The S in CS stands for Science

I am just back from ISWS 2022, and it was a great opportunity to attend it. The International Semantic Web Research Summer School took place onsite in Bertinoro, Italy, where I still haven’t got used to walking up hill and down hill all day long. It was an intense week where I learnt a lot about different things, and also met and discussed with a lot of junior and senior researchers involved in the Semantic Web Community. The directors of the school were Valentina Presutti and Harald Sack.

The main aim of the summer school was to experience the researcher’s life in all its aspects: from writing papers to presenting, going through team working, methodology, networking while also having a lot of fun.

Learn from doing: research project

One of the core component of the week was the Research Task Force (RTF), where we were working on a problem together. The broader topic was on Empirical Semantics, and the idea was to be paired with people you didn’t meet before but who had common interests. We were also tutored by one senior researcher, and had to come up with a paper and a presentation in a couple of days. The papers will later be compiled into a position paper that will be published on arXiv.

I was lucky to find a group easily, with researchers interested on the same topic. We were tutored by Claudia d’Amato, who I thank again for her guidance that week, and our team was composed of Agnese Chiatti from KMI, Mario Marino from the University of Bologna, and myself from the Sony CSL Paris and the Vrije Universiteit Amsterdam. We spent a very nice week together, went along well and had a great cohesion. Thank you both for this amazing week! We focused on capturing empirical semantics automatically by exploiting data evidence. More specifically, we were interested in discovering disjointness axioms from data evidence.

First things first, it was really great to have Claudia as a tutor, or even better: as a leader. She was always motivating us, guiding us not to get lost but also leaving us some freedom to explore and propose solutions, and she was always supportive. Thanks Claudia!

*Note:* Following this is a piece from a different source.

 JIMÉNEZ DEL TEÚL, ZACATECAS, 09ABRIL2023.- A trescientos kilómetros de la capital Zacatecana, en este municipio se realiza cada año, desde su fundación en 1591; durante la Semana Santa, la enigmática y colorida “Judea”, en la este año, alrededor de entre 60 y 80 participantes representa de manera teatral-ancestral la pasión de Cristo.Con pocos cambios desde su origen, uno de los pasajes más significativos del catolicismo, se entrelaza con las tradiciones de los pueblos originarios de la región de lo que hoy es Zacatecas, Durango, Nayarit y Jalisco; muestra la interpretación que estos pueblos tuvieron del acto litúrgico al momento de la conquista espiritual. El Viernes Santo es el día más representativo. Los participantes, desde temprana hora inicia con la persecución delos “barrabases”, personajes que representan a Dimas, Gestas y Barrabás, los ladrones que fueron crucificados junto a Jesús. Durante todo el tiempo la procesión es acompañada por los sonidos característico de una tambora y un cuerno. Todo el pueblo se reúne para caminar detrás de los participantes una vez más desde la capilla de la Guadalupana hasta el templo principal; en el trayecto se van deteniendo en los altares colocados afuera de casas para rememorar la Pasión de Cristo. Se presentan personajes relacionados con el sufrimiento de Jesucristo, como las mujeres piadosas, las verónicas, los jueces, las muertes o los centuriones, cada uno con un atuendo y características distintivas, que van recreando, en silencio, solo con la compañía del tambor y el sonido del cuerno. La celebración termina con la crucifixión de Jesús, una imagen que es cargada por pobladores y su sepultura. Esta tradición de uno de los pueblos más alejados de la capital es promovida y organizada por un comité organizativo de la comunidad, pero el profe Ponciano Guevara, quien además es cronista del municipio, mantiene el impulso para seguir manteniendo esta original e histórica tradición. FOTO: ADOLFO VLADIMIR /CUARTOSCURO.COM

Most importantly, my main takeaway from this RTF is that CS is about computer of course, but also about science, and that the computer is only the tool. I knew that before of coure, but I realised that it was quite easy to forget it temporarily. We do not jump into an implementation without exactly knowing why and how we would use it for. Before that, you need to clarify and formalise the problem, have an overview of related work, design your solution. The solution you propose must be sound from the very beginning.

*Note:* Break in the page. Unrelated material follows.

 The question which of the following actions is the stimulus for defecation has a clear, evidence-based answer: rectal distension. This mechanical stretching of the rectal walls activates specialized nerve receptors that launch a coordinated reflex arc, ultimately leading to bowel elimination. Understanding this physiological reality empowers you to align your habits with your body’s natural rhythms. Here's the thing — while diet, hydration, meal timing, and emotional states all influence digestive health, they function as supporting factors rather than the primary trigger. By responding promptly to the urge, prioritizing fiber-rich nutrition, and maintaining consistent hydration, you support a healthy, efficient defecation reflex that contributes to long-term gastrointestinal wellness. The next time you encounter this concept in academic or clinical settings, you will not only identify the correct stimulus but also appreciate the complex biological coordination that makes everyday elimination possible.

Lastly, I once again was reminded that research is about much more things that what I had imagined in the first place: brainstorming, proposing a solution to a problem, presenting, writing, explaining clearly, motivating your choices, and so many others.

Learn from listening and discussing

Keynote: be inspired

I was lucky to be hired on a European Project, MUHAI, that aims to push current AI towards more meaning and understand. And it happens that Luc Steels and Frank van Harmelen are also involved in that project, so I had already had the opportunity to discuss with them and hear some of their presentations. I liked their keynote presentations because I see them as regular, good memory pills: from Luc, to know more about the generic history of AI and the different types of intelligence, and from Frank, to understand more how symbolic and sub-symbolic AI can be combined to build better AI systems.

Great keynote as well from Elena Simperl, on current research of studying KGs from the prism of socio-technical constructs. The focus was about understanding what these large KGs say about us humans. More specifically: how can analysing KG engineering empirically help understand and design best practices for building better KGs?

Tutorial: learn and understand - how

I learnt Semantic Web on the go when I started my Ph.D., since my background was more in Mathematics and Computer Science - Machine Learning and Natural Language Processing. I was glad to have a speed recap by Sebastian Rudolph and Axel Polleres on KR Querying & Reasoning for Large Knowledge Graphs, and that all the core notions from Semantic Web were now much clearer to me than a year ago. I also found very interesting the challenges underlined by Axel on the SPARQL language query, especially because I have already encountered them in my research: contextualised data, paths in the graph, scalability, querying and reasoning, sustainability.